§ **TASK REQUIREMENTS**
Exactly the lines below starting at the line with "The modern equivalent" and ending at the line with "This page presents" are wanted, with both ends included. Leave out the pictures and add no other lines.
Segment Start: INPUT DATA
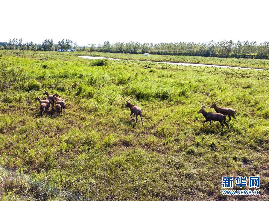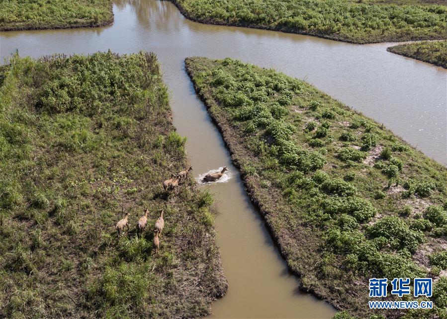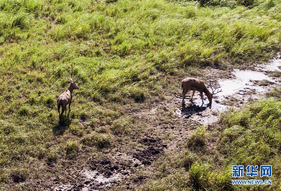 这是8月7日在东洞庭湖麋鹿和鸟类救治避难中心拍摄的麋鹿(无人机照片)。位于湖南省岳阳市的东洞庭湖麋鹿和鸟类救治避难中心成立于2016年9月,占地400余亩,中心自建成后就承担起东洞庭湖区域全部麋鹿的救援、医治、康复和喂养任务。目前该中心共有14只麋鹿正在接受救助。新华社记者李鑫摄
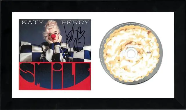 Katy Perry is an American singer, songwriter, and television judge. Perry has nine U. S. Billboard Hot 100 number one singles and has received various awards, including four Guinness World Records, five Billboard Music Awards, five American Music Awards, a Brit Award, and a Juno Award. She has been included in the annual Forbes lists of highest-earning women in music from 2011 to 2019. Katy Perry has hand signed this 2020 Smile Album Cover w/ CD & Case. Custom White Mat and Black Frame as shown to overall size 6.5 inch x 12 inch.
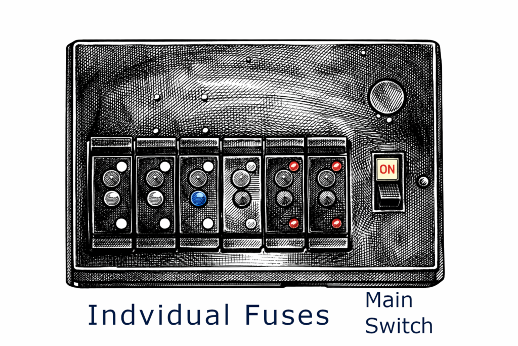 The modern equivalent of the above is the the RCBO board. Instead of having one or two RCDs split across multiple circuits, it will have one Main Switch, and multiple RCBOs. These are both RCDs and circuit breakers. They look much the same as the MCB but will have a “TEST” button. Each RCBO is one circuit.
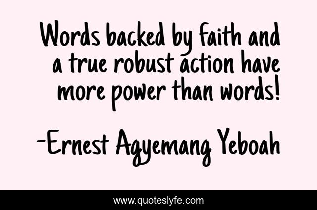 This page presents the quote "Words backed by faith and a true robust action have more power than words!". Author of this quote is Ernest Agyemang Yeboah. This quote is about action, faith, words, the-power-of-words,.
Segment End: INPUT DATA
Segment Start: INPUT DATA
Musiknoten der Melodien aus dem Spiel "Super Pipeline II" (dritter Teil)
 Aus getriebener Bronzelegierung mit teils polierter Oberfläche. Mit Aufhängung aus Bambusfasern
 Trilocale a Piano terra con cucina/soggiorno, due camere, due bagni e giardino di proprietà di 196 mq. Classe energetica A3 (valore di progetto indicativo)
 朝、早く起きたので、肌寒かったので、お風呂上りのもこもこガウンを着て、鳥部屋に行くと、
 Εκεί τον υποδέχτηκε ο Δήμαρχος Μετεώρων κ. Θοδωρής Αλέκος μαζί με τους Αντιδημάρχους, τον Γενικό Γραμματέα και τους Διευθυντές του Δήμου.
Segment End: INPUT DATA
§ **PROBLEM SOLUTION**
 The modern equivalent of the above is the the RCBO board. Instead of having one or two RCDs split across multiple circuits, it will have one Main Switch, and multiple RCBOs. These are both RCDs and circuit breakers. They look much the same as the MCB but will have a “TEST” button. Each RCBO is one circuit.
 This page presents the quote "Words backed by faith and a true robust action have more power than words!". Author of this quote is Ernest Agyemang Yeboah. This quote is about action, faith, words, the-power-of-words,.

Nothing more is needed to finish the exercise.